¹ Institute of Medical Microbiology and Hygiene, Eberhard Karls University of Tübingen, Elfriede-Aulhorn-Str. 6, D-72076 Tübingen, Germany

² Max Planck Institute for Developmental Biology, Department I, Protein Evolution, Spemannstr. 35, D-72076 Tübingen, Germany

³ Proteome Centre Tübingen, Interfaculty Institute of Cell Biology, University of Tübingen, Auf der Morgenstelle 15, D-72076 Tübingen, Germany

⁴ Robert Koch Institute, Burgstr. 37, D-38855 Wernigerode, Germany

Correspondence
Sabine Gröbner
sabine.groebner{at}med.uni-tuebingen.de

Received August 13, 2008
Accepted March 10, 2009

The spread of Gram-negative bacteria with plasmid-borne extended-spectrum β-lactamases (ESBLs) has become a worldwide problem. This study analysed a total of 366 ESBL-producing Enterobacteriaceae strains isolated from non-selected patient specimens at the university hospital of Tübingen in the period January 2003 to December 2007. Although the overall ESBL rate was comparatively low (1.6 %), the percentages of ESBL-producing Enterobacter spp. and Escherichia coli increased from 0.8 and 0.5 %, respectively, in 2003 to 4.6 and 3.8 % in 2007. In particular, the emergence was observed of one carbapenem-resistant ESBL-producing E. coli isolate and five carbapenem-non-susceptible ESBL-positive Klebsiella pneumoniae isolates, in two of which carbapenem resistance development was documented in vivo under a meropenem-containing antibiotic regime.
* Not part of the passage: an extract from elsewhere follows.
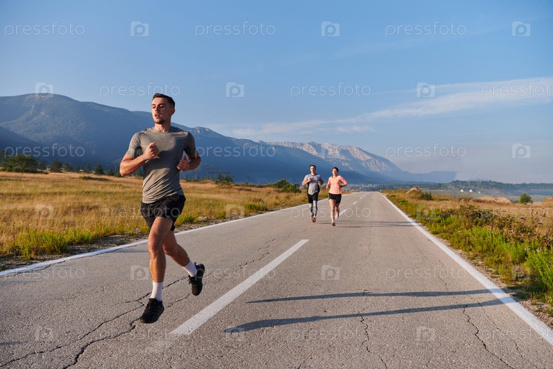 Группа друзей ведет здоровый образ жизни, бегая на свежем воздухе в солнечный день, занимаясь фитнесом и наслаждаясь бодрящим эффектом физических упражнений и природы

The possible underlying mechanism for this carbapenem resistance in three of the K. pneumoniae isolates was loss of the Klebsiella porin channel protein OmpK36 as shown by PCR analysis. The remaining two K. pneumoniae isolates exhibited increased expression of a tripartite AcrAB–TolC efflux pump as demonstrated by SDS-PAGE and mass spectrometry analysis of bacterial outer-membrane extracts, which, in addition to other unknown mechanisms, may contribute towards increasing the carbapenem MIC values further. Carbapenem-non-susceptible ESBL isolates may pose a new problem in the future due to possible outbreak situations and limited antibiotic treatment options. Therefore, a systematic exploration of intestinal colonization with ESBL isolates should be reconsidered, at least for haemato-oncological departments from where four of the five carbapenem-non-susceptible ESBL isolates originated.